燕翎掏出手机,快速翻找车友会聊天记录,报出一个大概方位。“那片地方很大,结构复杂,像迷宫。而且……”她顿了顿,“我车友会说,最近两个月,那里不太平。晚上常有怪声,像金属摩擦,又象人哭。有几个半夜去偷零件的小混混,出来后都大病一场,胡言乱语,说看见‘墙上流血’、‘工具自己会动’。”

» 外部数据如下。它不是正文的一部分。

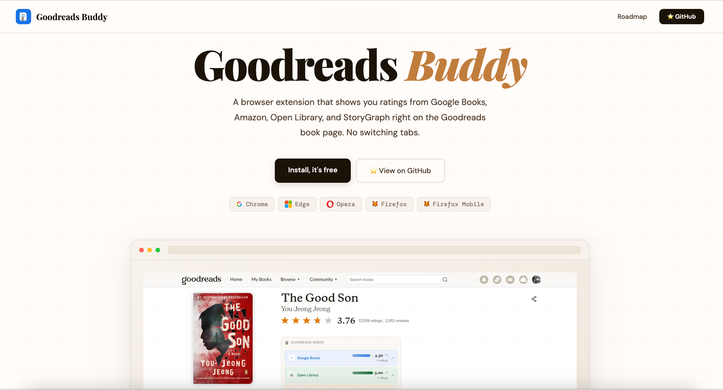 Goodreads Buddy是一款开源浏览器扩展,在Goodreads书籍页面直接显示来自Google Books、Amazon、Open Library和StoryGraph等平台的评分聚合。
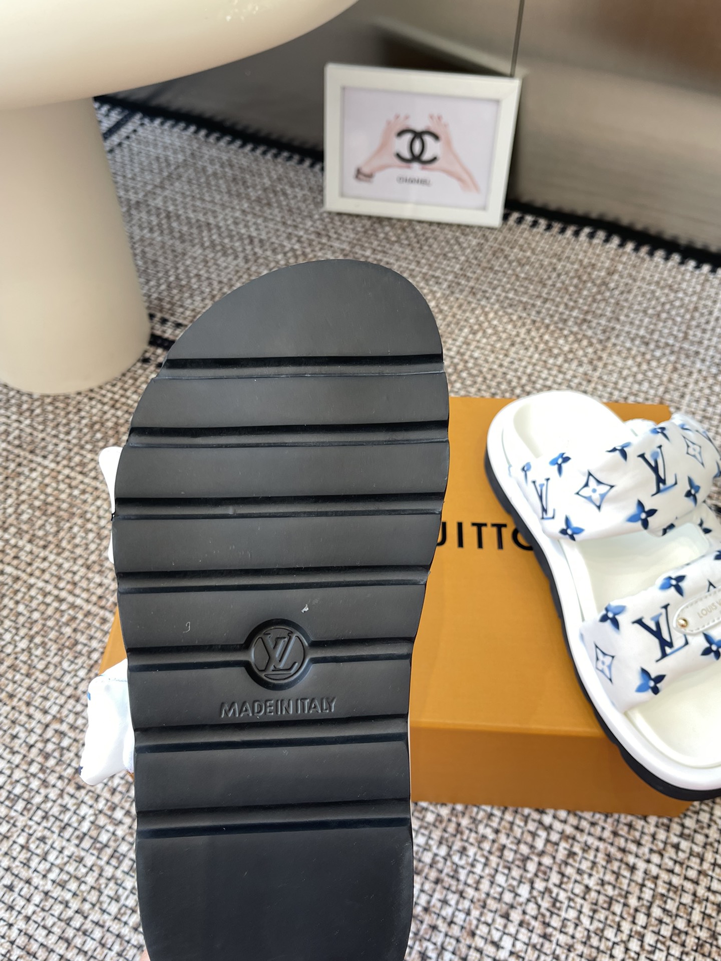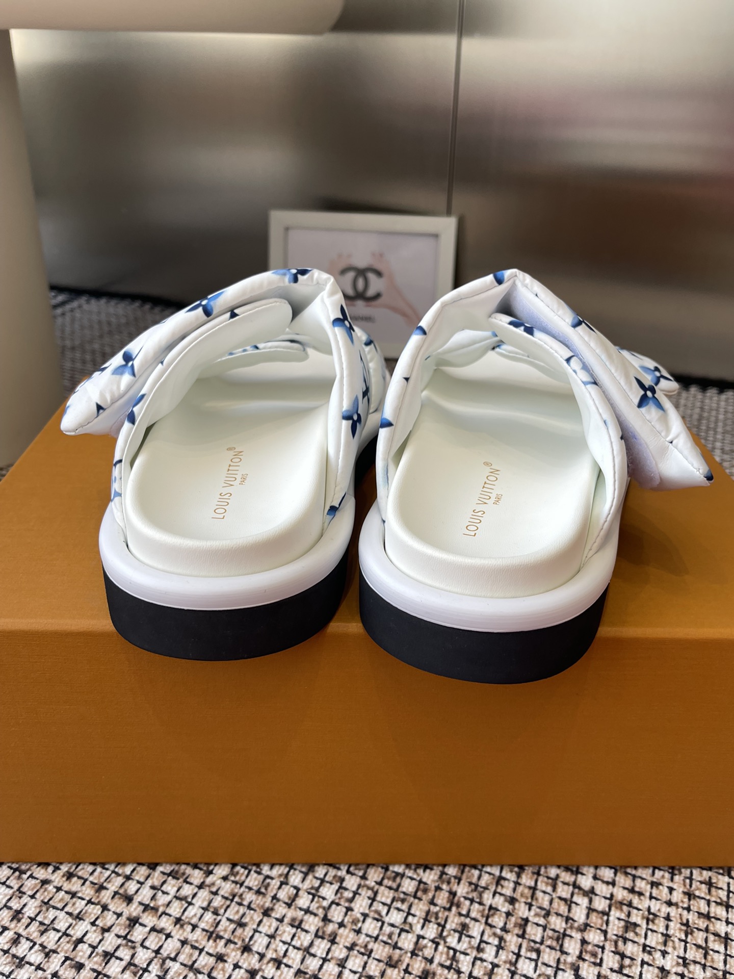 Louis Vuitton Men’s Navy Blue Embossed Monogram Slide Sandals
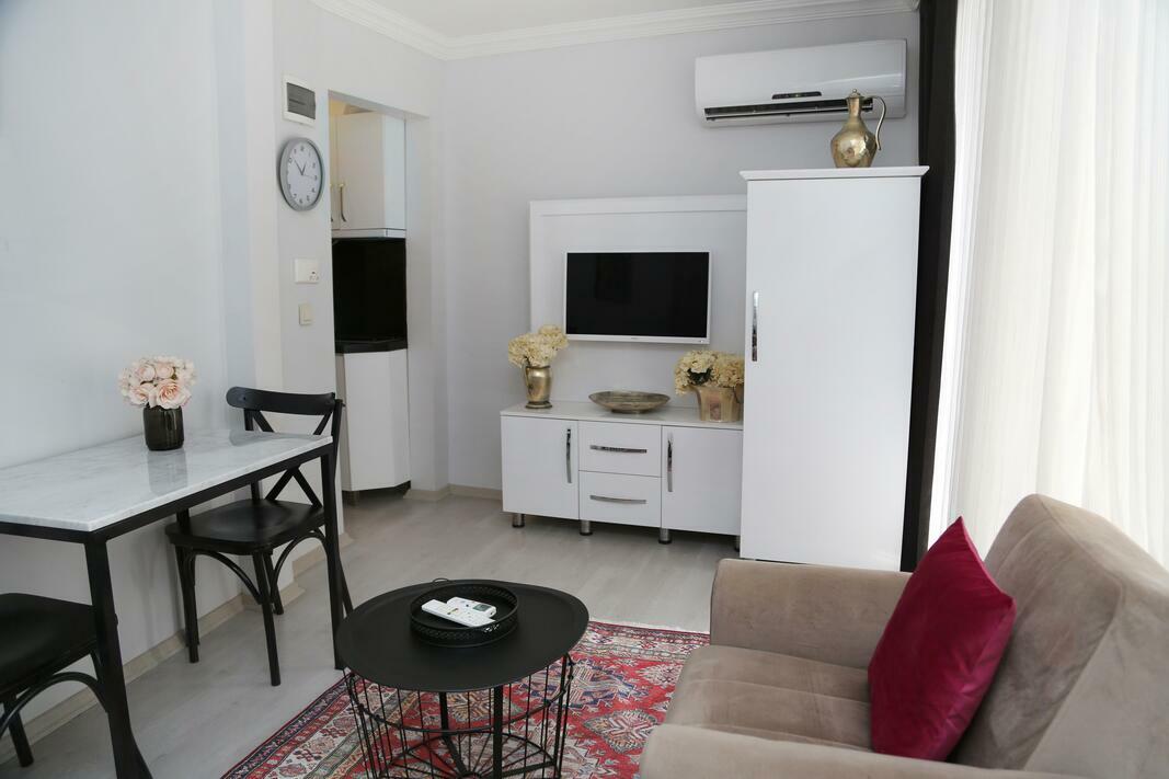 Air conditioning and central heating ensure that rooms maintain comfortable temperatures. Guests can enjoy the view onto the street from a balcony or terrace. The rooms have a double bed and a sofa bed. Separate bedrooms are available. Extra beds can be requested. A safe and a desk are also available. A fully-equipped kitchenette with a refrigerator, stovetop, microwave and tea/coffee station, as well as a complete set of utensils, is a standard feature. An ironing set is provided for guests' convenience. A telephone, a television with satellite/cable channels and WiFi (no extra charge) are provided as well. Slippers are included. Bathrooms are equipped with a shower and a bathtub, as well as a hairdryer. Cosmetic products and a selection of towels provide additional comfort in the bathrooms. The hotel has family rooms and non-smoking rooms.
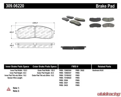 StopTech Sport Brake Pads with Shims Toyota Rear 309.06220 | Vivid Racing
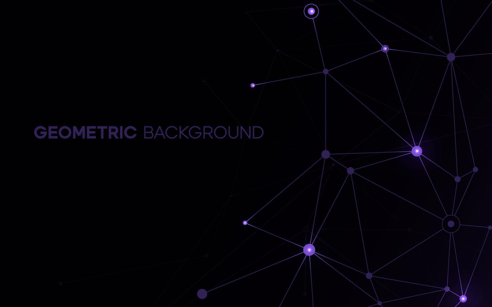 Geometric web background illustration. Purple plexus line network concept. Polygon scientific design texture Pro Vector
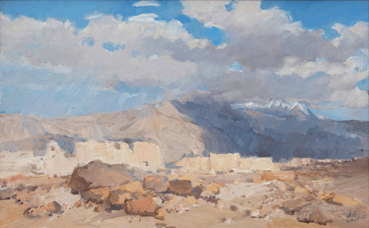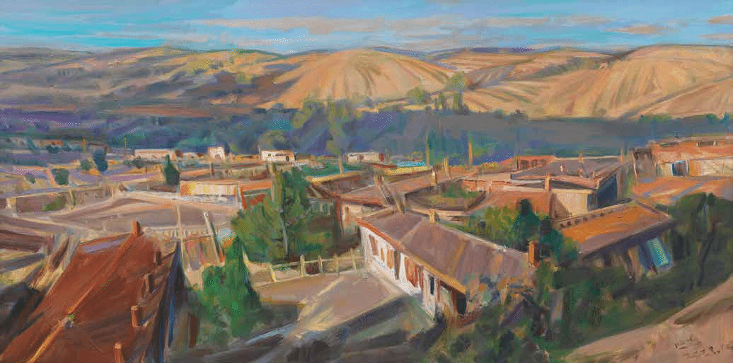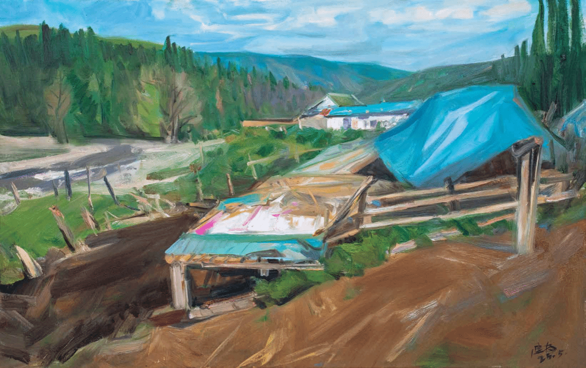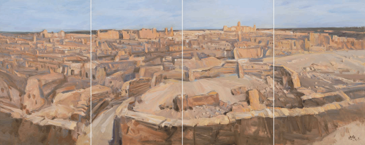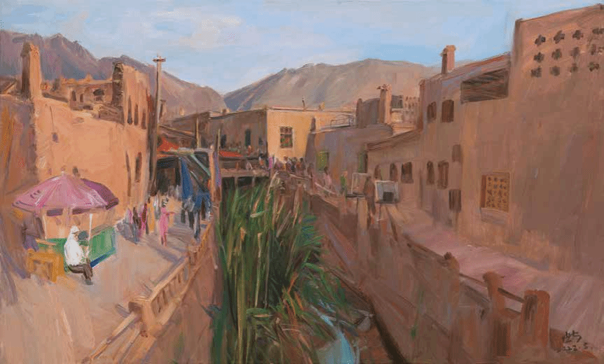 就说笔触。他不喜欢学院派那种滑溜溜的技法,偏要用“刷、摆、拖、拽”的办法画,画天山的轮廓,不是用直线勾,是用带着顿挫的线条,一下下“磕”出来的,这多像中国写意画里的“以线破形”?线条不只是画山的样子,更带着山的劲儿,像是天山常年吹着风,把线条都吹得有了动感。再看色彩,他总爱用低饱和度的灰调打底,比如《苏巴什古城遗址》的银灰、《交河故城》的土黄,这灰不是“脏”,是“沉”,像新疆的晨雾,像老城的岁月,稳稳地托着画面;然后突然来一块亮色,比如油田“磕头机”的红、棉田的白,这亮色也不是“跳”,是“透”,像太阳突然穿破雾,像棉絮突然迎着光,暗合了中国水墨“计白当黑”的画理。灰调是黑,亮色是白,一隐一显,画面就有了呼吸感,不是死的风景,是活的意境。
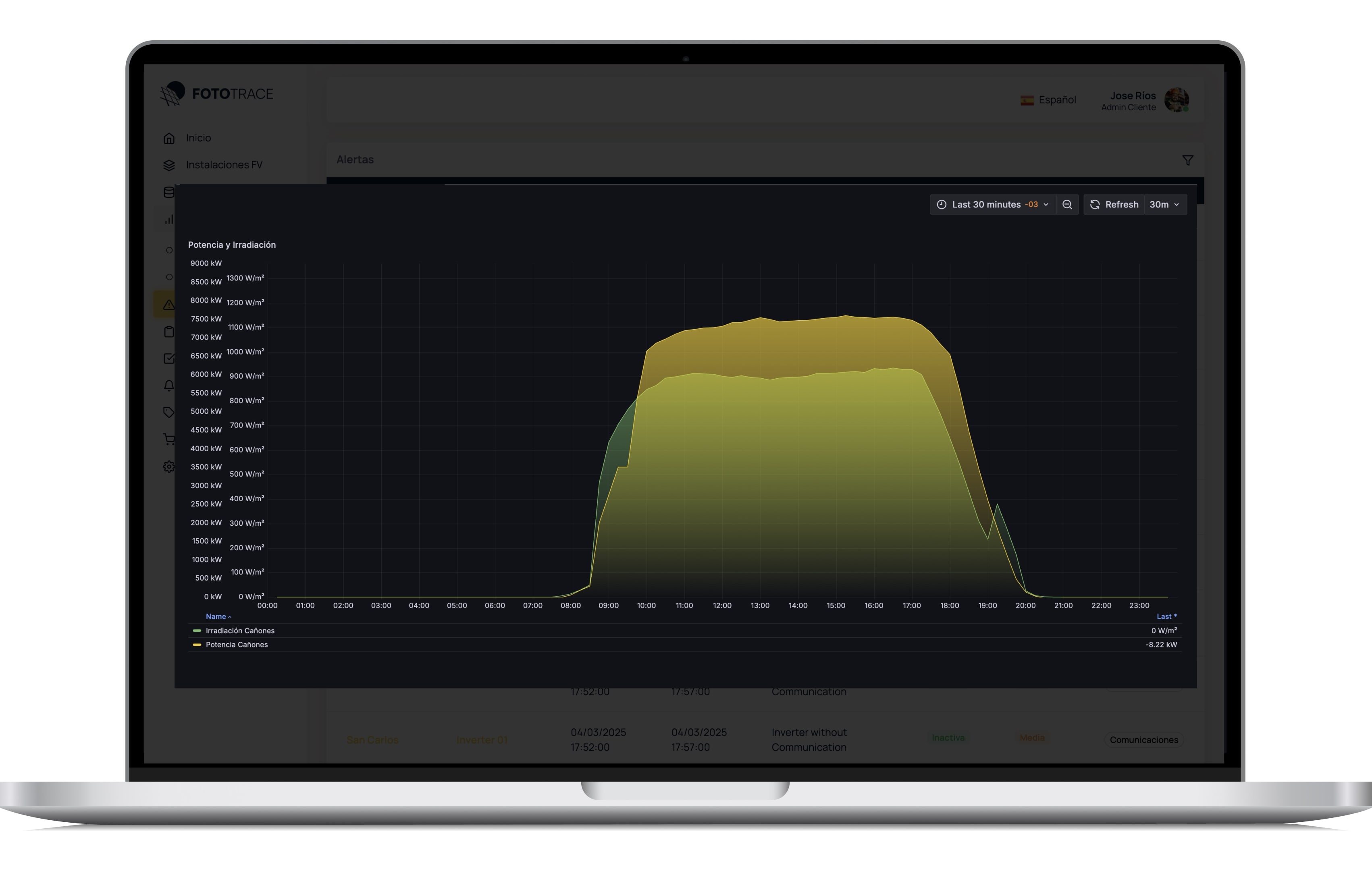 Posibilidad de integrar los datos de producción y rendimiento de tus plantas fotovoltaicas directamente en la plataforma. Esto automatiza la recopilación de información clave, facilita el análisis y permite detectar incidencias sobre las que activar actuaciones.
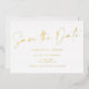 Modern elegant real gold foil script on white wedding save the date with a casual and cool script calligraphy,add your photo at the back
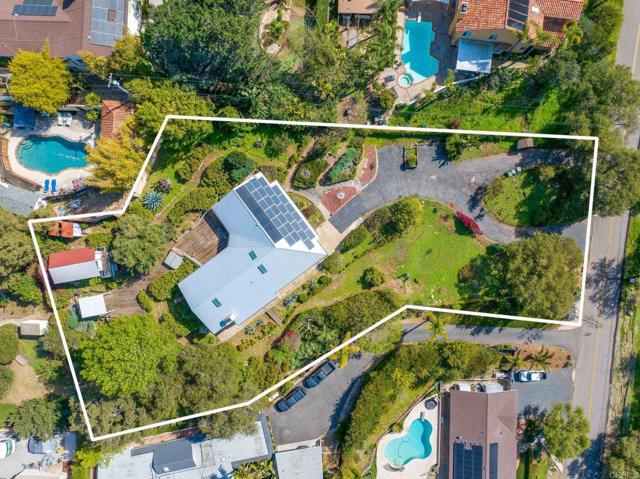 Welcome to your private, sustainable retreat! This spacious 4-bedroom, 2.75-bathroom home boasts 3,225 square feet of living space on a massive, professionally landscaped 0.71-acre lot. The property is a true gardener's paradise, featuring mature lemon, grapefruit, tangerine, and passion fruit trees. Designed for versatility, the home’s unique layout is perfect for multi-generational living or generating rental income, thanks to two separate kitchens on the upper and lower levels. The double driveway and ample yard space provide the ideal opportunity to build an Accessory Dwelling Unit (ADU), adding even more value and potential. Move in with confidence thanks to major modern upgrades including a newer roof, newer windows, and a fully paid-off solar system. This key feature guarantees significant energy savings and efficiency from day one.

陆沉舟和庞海对视一眼。墙上流血,工具自动……这听起来,很象“逆转镇纹”失控,或者被某种力量激活、影响现实物件的迹象。
“谢墨会不会也盯上那里了?”庞海担忧。
“很可能。”陆沉舟起身,“准备一下,马上去。燕翎,你熟悉地形,带路。庞海,带上所有能探测能量异常和预警的东西。林晚,”他看向刚从里屋出来的林晚,“你留在诊所,和庞春一起,保护九姑,同时随时准备远程支持。”
“我也去。”一个嘶哑的声音响起。
陆燃从阴影里走出来,脸色依旧苍白,但眼神燃烧着一种近乎偏执的决绝。“我的‘钥匙’,也该试试,能不能打开那扇……藏着师父的‘门’了。”
众人迅速收拾装备。燕翎检查摩托和随身武器;庞海将朱砂、符纸、探测仪塞进背包;陆燃沉默地擦拭着那把青铜短刀(现在已暂时修复);林晚调试通信设备;庞春虽然手腕依旧无力,但还是坚持为每个人准备了急救包。
九姑坐在藤椅里,看着他们忙碌。晨光渐渐明亮,照在她沟壑纵横的脸上。她缓缓地,极其缓慢地,从棉袄袖子里,再次摸出了那个黑黢黢的皮质针包。
“丫头,你过来。”她嘶哑地叫燕翎。
燕翎一愣,走过去。
九姑抽出一根最长的银针,在晨光下看了看锋利的针尖。然后,她抬起枯瘦的手,示意燕翎摊开右手手掌。
燕翎虽然疑惑,但还是照做了。
九姑捏着银针,针尖并未刺入皮肉,而是悬在燕翎掌心上方约一寸处,手腕极其稳定地移动,针尖在虚空中划出一道道复杂、古老、带着奇异韵律的淡金色光痕!那些光痕并非实体,而是由她指尖逼出的、极其微弱的、带着守门人特有气息的真炁混合着她自身精血所化!
她在燕翎掌心,凌空“画”了一道微缩的、与守门人图腾同源的符文!符文成形瞬间,金光一闪,没入燕翎掌心,消失不见。只在皮肤上留下一道极淡的、几乎看不见的、微微发热的金色印记。
“这是……”燕翎感到掌心传来一阵温润的暖意和隐隐的束缚感,仿佛多了一层无形的“甲”。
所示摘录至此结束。